Events: The 4th pillar of Booking.com’s Observability platform

TL;DR: Metrics, Logs and Traces are three main pillars of observability. At Booking.com, we majorly use Booking.com’s Events , a proprietary solution developed in-house, to generate traces, logs and most of the metrics to fulfil the majority of our observability needs, and we handle tens of millions of Events per second.

Booking.com has distributed services running across a hybrid cloud and each one serves different purpose. For example “Service A” takes care of order processing, “Service B” of inventory etc. All services need observability to examine their availability and performance.

What are Events at Booking.com?

The main building block of the Booking.com Events is an Event. An Event is a key-value structure that contains a lot of information about a particular unit of work.

For example, an HTTP request would contain a set of all warnings/errors generated during the request processing. It can include performance information, such as the duration of the request, the number of database queries and their latency, also enabled A/B experiments, application-specific information, etc.

An Event snippet would look like this

{
"availability_zone" : "london",
"created_epoch": "1660548925.3674",
"Service_name": "service A",
"git_commit_sha": "..", …

}

At a first glance, it may resemble a structured log, though Events have some important differences.

Log messages usually focus on a single info/warn/error message, potentially with some context metadata attached to it. While an Event accumulates information over an extended period from various functions within the work unit.

Why does Booking.com use Events?

Events allow having a full context about user input, performance characteristics, runtime environment, etc. about a given unit of work (HTTP request, cronjob, etc). This information is later used to generate classical observability pillars like metrics, logs and traces. It also allows running analytics queries over the Events data.

Events help uncover various questions that require the involvement of different interconnected systems. For example, if we detect errors during the flight booking process, from the Events we can determine if these errors are affecting a particular group of users, if they are caused by bots, or if they are related to ongoing experiments on our site, and more.

The rich context of Events allows us to retrieve information which spans across multiple software components in the Booking.com ecosystem.

How do we use the Events to support observability needs?

Events are sent from applications to Kafka. Those Events are then consumed to generate Metrics, Logs and traces.

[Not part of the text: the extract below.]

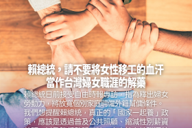【聲明】賴總統,請不要將女性移工的血汗,當作台灣婦女職涯的解藥

On a high level, in Kubernetes, the application creates Events using the ‘Events library’. The library sends the Events to the Event-proxy daemon running on the host machine. It does 3 important things:

It enriches the Event with various metadata. e.g. adding the physical host where it received the Events.
It routes the Events to different Kafka topics based on the custom routing specified. e.g. sending all the Events from the order service to the order Kafka topic.
It splits a single incoming Kafka message to multiple small Kafka messages for effective consumption.

For brevity, other compute platforms are excluded in the picture:

Bare-metal servers — Yes, we do have them! Their Events setup design is quite similar to the Kubernetes platform.
Cloud native compute — Cloud-native computing does not use the Events system; instead, it uses OpenTelemetry and cloud-native observability. For instance, cloud-native serverless platforms like Lambda use CloudWatch.

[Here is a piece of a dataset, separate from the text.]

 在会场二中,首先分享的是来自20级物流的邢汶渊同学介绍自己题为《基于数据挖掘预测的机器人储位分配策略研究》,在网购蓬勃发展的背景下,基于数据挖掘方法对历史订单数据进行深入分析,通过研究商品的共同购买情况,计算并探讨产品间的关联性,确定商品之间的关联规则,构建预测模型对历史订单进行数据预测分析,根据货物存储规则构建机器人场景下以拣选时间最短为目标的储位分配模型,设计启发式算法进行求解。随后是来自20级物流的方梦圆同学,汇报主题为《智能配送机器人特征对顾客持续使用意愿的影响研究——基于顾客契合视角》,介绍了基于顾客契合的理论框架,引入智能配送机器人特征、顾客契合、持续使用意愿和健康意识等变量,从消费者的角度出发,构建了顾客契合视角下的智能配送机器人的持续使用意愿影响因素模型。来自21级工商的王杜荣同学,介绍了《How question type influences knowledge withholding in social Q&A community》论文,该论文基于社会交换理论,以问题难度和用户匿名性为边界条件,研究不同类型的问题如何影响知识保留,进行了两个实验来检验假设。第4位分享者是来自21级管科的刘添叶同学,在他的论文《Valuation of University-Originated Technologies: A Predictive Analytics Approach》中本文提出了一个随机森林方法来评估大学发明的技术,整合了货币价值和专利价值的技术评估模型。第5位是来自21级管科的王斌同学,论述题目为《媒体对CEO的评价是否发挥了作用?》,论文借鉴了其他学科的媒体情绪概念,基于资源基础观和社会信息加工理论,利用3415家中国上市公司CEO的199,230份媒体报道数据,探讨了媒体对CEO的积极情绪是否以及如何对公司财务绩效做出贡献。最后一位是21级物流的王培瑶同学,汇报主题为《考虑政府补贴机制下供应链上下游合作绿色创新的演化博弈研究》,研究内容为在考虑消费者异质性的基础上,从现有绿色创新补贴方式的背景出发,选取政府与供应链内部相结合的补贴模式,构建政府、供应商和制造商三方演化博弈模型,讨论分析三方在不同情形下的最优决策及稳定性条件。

The Event-proxy then sends Events to Kafka clusters. Several ‘Event consumers’ start consuming those Kafka messages and serving different purposes.

Let me brief you about 3 important Events consumers.

Distributed Tracing Consumer: It handles distributed tracing in Booking.com, by uploading the spans to our partner, Honeycomb.
APM generator: This consumer generates different APM (application performance monitoring) metrics and stores them in Graphite. e.g. distinct count of actions for each application, failure http percentile.
Failed Event Processor: This consumer is interested only in Events with errors and warnings and writes them to ElasticSearch. Those errors and warnings serve the debugging purposes for the developer community in the company.

Okay, what’s next?

Events are great, it fulfils most of our observability needs. However, there are a couple of major challenges with the Events.

Events are Booking.com specific. So we need to maintain the Events libraries for code instrumentations
Third-party tools that we use inside the company can’t be onboarded to Booking.com’s observability infrastructure without writing any custom conversion code.

While addressing these challenges, we have evaluated the open-source Observability framework OpenTelemetry, also known as OTel for short. OTel is a framework for instrumenting, generating, collecting, and exporting telemetry data (telemetry data types) such as traces, metrics, logs.

There are a few reasons why we would like to use OTel.

OpenTelemetry code instrumentation is supported by wide range of programming languages. This will eliminate the need to maintain the Events library code for instrumentation.
OpenTelemetry is extensible (more read). This will help our existing internal tools to seamlessly adapt OpenTelemetry.
OTel is natively supported by a number of vendors. So there is no vendor lock-in.

So, while the Booking.com Events does a fantastic job. It helps us generate the three pillars of observability (Metrics, Logs and Traces). But we believe OTel is worth giving a try because of the above-mentioned reasons.

In future, we will share our journey in detail, transitioning Booking.com observability ecosystem from custom Events to OpenTelemetry.

Till then, Happy Observability!